FIG. 1 is a circuit diagram showing one embodiment of the present invention, FIG. 2 is a timing chart of the same embodiment, and FIGS. 3 and 4 are circuit diagrams showing conventional self-excited switching power supply circuits. 41...Transformer, 43...Field effect transistor, 44-46...Capacitor, 47...Diode, 48.49...Transistor, 50.52...Diode, 53...Zener diode , 54...

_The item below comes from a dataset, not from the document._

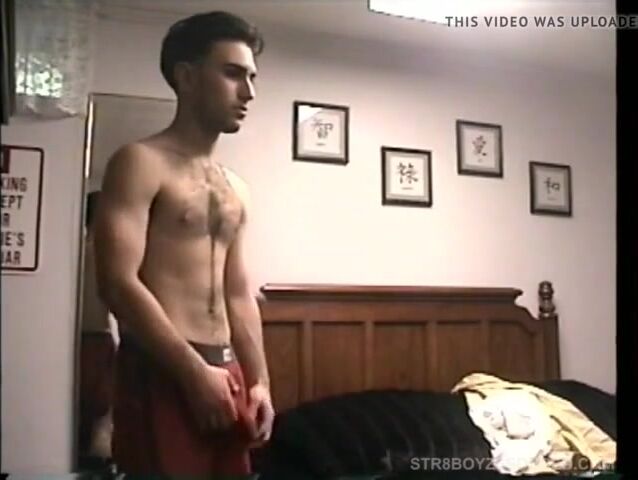 Vinnie sets up the camera and lets Paulie stroke in private. When he tries to re-enter the room and check out the action Paulie starts to freak and loses his erection. He gets back into it but soon lets Vinnie know he wants to sit down to finish, which allows him back in the room to adjust the camera. After a good hard workout he finally spills a load in his hand.

Capacitor, 55-59...Resistance.

Claims (1)

[Claims] A transformer to which a DC voltage is applied to the primary winding, a field effect transistor connected in series with the primary winding of the transformer, and a starter to generate a starting voltage from the DC voltage and apply it to the gate of the field effect transistor. a circuit, a forward voltage applying circuit that passes a forward voltage induced in an auxiliary winding of the transformer and applies it to the gate of the field effect transistor, a capacitor connected in parallel with the auxiliary winding of the transformer; a charging circuit that is connected between a capacitor and an auxiliary winding of the transformer and charges the capacitor by passing a reverse voltage induced in the auxiliary winding of the transformer; and a charging circuit that charges the capacitor until the voltage of the capacitor reaches a certain voltage. a constant voltage circuit whose collector is connected to the gate of the field effect transistor via a resistor and whose emitter is connected to the source of the field effect transistor and which is operated by the operation of the voltage constant circuit; The present invention is characterized by comprising a transistor that increases the OFF speed of the field effect transistor by rapidly lowering the gate voltage of the field effect transistor, and a direct current converting circuit that converts the voltage induced in the secondary winding of the transformer to direct current. A self-excited switching power supply circuit.